Глава двадцать пятая
ЗРИТЕЛЬНЫЙ ЗАЛ
После обеда мне предложили посмотреть театральный спектакль. Я всегда любил театр и не перестану любить его через тысячу лет, если еще буду жив. Сердце мое билось от радости. Что будут играть? Какой окажется пьеса, которая у сего народа считается образцовой? Предстоит ли мне увидеть одеянья персов, греков, римлян или же одежду французов? Будут ли в ней свергать ничтожного тирана или же вонзят кинжал в неосмотрительного простофилю? Увижу ли я какой-нибудь заговор, или же чью-то тень, под раскаты грома выходящую из могилы?
— Господа, есть ли у вас хотя бы хорошие актеры? Во все времена они встречались столь же редко, как и великие поэты.

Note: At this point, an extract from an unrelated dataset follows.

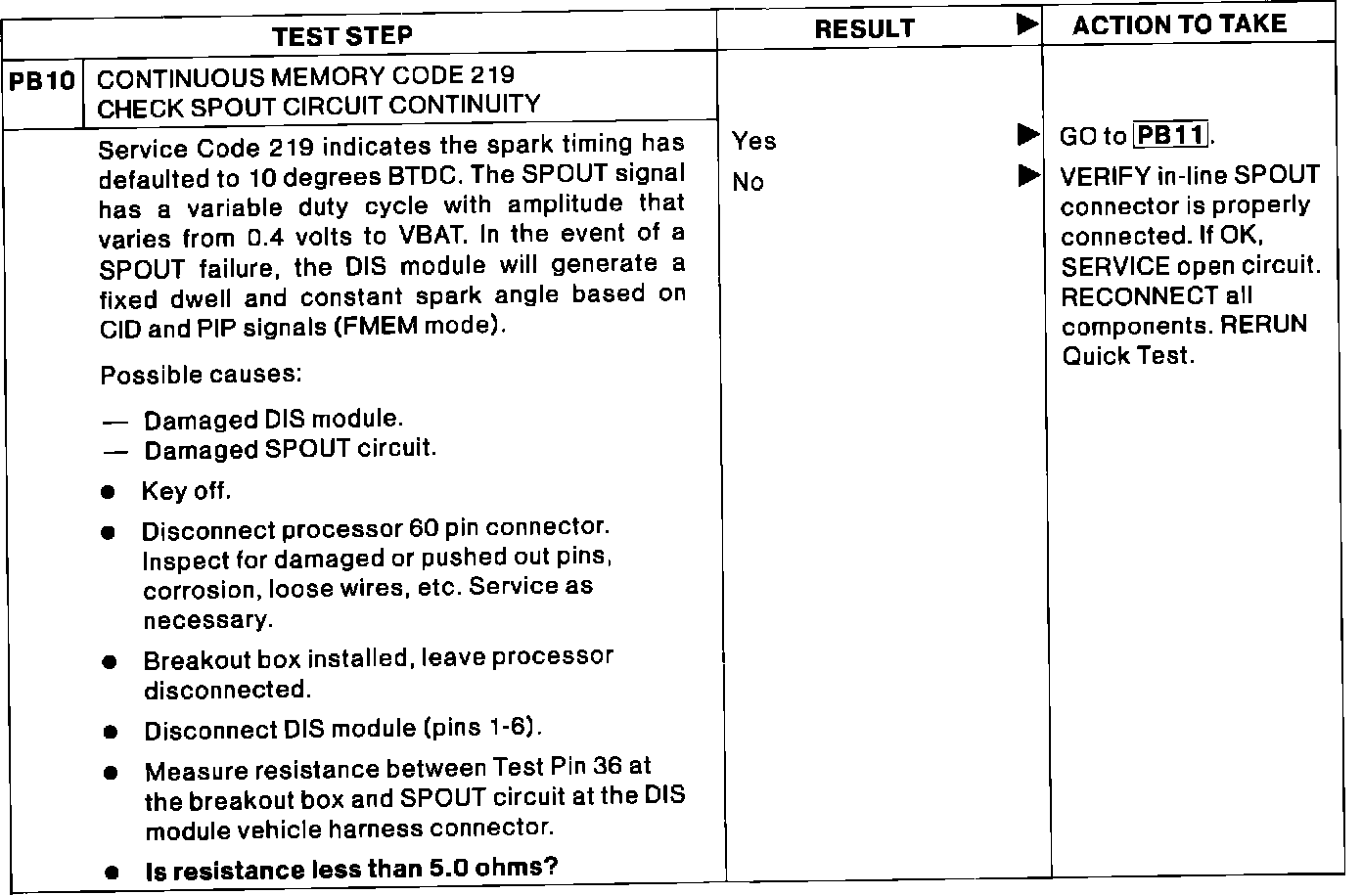 PB10 - Continuous Code 219: Check Spout Circuit Continuity

— Разумеется, есть. Они весьма усердно учатся, беря себе в наставники лучших авторов, дабы никогда не нарушать смехотворнейшими нелепостями смысла того, что произносят. Они сговорчивы и при этом не столь невежественны, как актеры вашего века. У вас, говорят, трудно было найти порядочного актера или актрису, большинство было достойно лишь бульварных подмостков. В вашей столице, соперничавшей с Римом и Афинами, был всего один-единственный убогий, жалкий, маленький театр; к тому же им прескверно управляли. Какой-нибудь актер, неизвестно за какие заслуги получавший огромное жалованье, осмеливался задирать нос перед талантом, [109] вынужденным отдавать ему свой шедевр. У этих людей хватало бесстыдства отвергать лучшие театральные пиесы или же играть их спустя рукава, в то время как пиесы, которые вызывали их восторги, заранее были обречены на неодобрение публики и провал. Словом, публика уже не страдает от актерских распрей, столь обычных некогда в их презренном и грязном балагане. {114} У нас четыре театральных залы, расположенных в четырех главных кварталах города. Содержит их правительство, ибо театр превращен у нас в общедоступную школу, где учат нравственности и воспитывают вкус. Мы хорошо поняли, какое влияние способен оказать гений на чувствительные души. [110] Он самым удивительным образом воздействует на своих современников, не прилагая усилий, не прибегая к принуждению. Именно великим поэтам доверены, так сказать, сердца их сограждан; они изменяют эти сердца по собственному усмотрению. Сколь виновны они, когда произносят опасные суждения! Но нет границ нашей благодарности, когда случается им поразить порок, когда они служат человечности! Наши драматические авторы преследуют одну лишь цель — совершенствовать природу человека; все они стремятся возвысить его душу, укрепить ее, сделать ее мужественной и независимой. Добрые граждане с усердием посещают эти шедевры, вызывающие волнение и интерес, поддерживающие в сердцах их те спасительные чувства, что располагают к состраданию, главному признаку истинного величия. [111]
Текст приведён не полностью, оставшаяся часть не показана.